Posted in reply to Reeza

12-09-2017 04:02 PM

Hi Reeza,

By running the macro, I'll have 200 normal distributions with moving mean populated by 50 (or a few more) variable X with index Y as 0 or 1 if they are beyond a limit. I can collect these X (50*200) then analyze its descriptive statistics with PROC MEAN by each j.

Now I have special interest over the largest few data like n percentile of each distribution, so I would to slice them from this data set out and do the same analysis with similar PROC MEAN.

```
proc means
data=work.query
chartype NWAY
mean std min max n vardef=df skew SKEWNESS KURT KURTOSIS median;
var X;
output
out=work.skewtemp
skew=Distskew KURT=DISKURT max=DISmax median=DISmedian min=DISmin;
where (j between 0 and 199) and Y=0;
class J;
run;
```

Hopefully it helps to clarify my problem. Thank you!

MKW

Posted in reply to Michaelcwang2

12-09-2017 12:57 PM

After removing the unnecessary macro and correcting errors (like the missng semicolon after then do), this is your code.

```
data work.Rand;
do j = 0 to 99;
call streaminit(567);
do i = 1 to 50;
X = Rand("normal",0.02*j-1,1.0);
if X > 3 or X < -3
then do;
Y = X;
X = 0;
i = i - 1;
end;
else Y = 0;
/*u=Rand("uniform");*/
output;
end;
end;
run;
proc sql;
create table work.query as
select j, i, X, Y
from work.rand
/*where J = &j and Y = 0*/
;
quit;
```

From where would you get &j?

---------------------------------------------------------------------------------------------

Maxims of Maximally Efficient SAS Programmers

How to convert datasets to data steps

How to post code

Posted in reply to Michaelcwang2

12-09-2017 08:06 PM

If I use PROC Univariate to come out a data file of n-percentile of X by J, is there a way to sql to get X>these values for each j from original dataset ? Thank you.

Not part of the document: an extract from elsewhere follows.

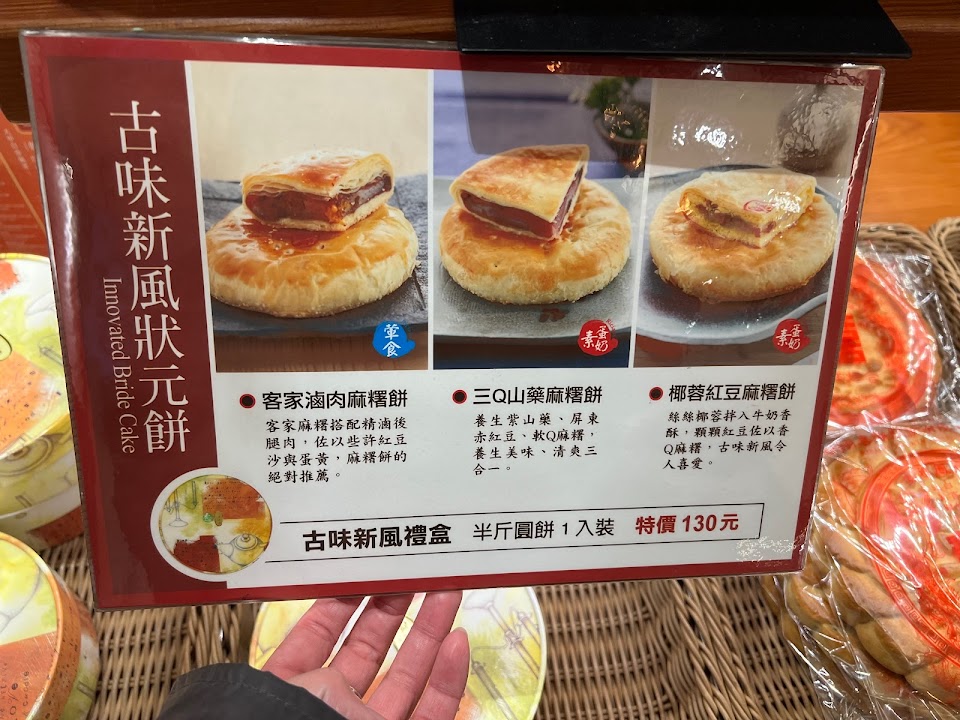太陽餅聯翔的創新做法不輸百年老店好吃。其它諸如各色麵包也算價格公道種類繁多新鮮好吃。蛋糕也算是很有誠意尤其芋泥真的很給力,羅頌麵包價格高了一點。其它小餅乾糖果真的都很不錯,說實話啦就差店員那一點點親和力。

Posted in reply to Michaelcwang2

12-09-2017 09:27 PM

If you have one dataset, HAVE, with J and many X values and another dataset, MEANS, with J and a cutoff value, say P95, then just join them.

```
proc sql ;
create table want as
select a.*
from have a , means b
where a.j= b.j
and a.x > b.p95
;
quit;
```

Posted in reply to Michaelcwang2

12-09-2017 09:55 PM

Thank you, Tom. Will check if it solves .

Solution

12-10-2017
07:59 PM

Posted in reply to Michaelcwang2

12-10-2017 07:59 PM

Dear Tom,

For certain reason, it still doesn't work in this way.

```
proc sql ;
173 create table want as
174 select X.*
175 from rand1 X , percentile1 P_n
176 where X.j= percentile1.j
177 and X.x > P_n.p95
```

But I did solve my problem by using PROC MEAN to create another data set by P90 of each j, then merge it with original dataset "Rand" and Merge two by j and Delete observation if X<P90 column. Anyway, thank you for all your support!

MKW

Posted in reply to Michaelcwang2

12-10-2017 11:13 PM

If your goal is to figure out what's higher than the 95th percentile, I would use the RANK proc instead and then filter that out directly.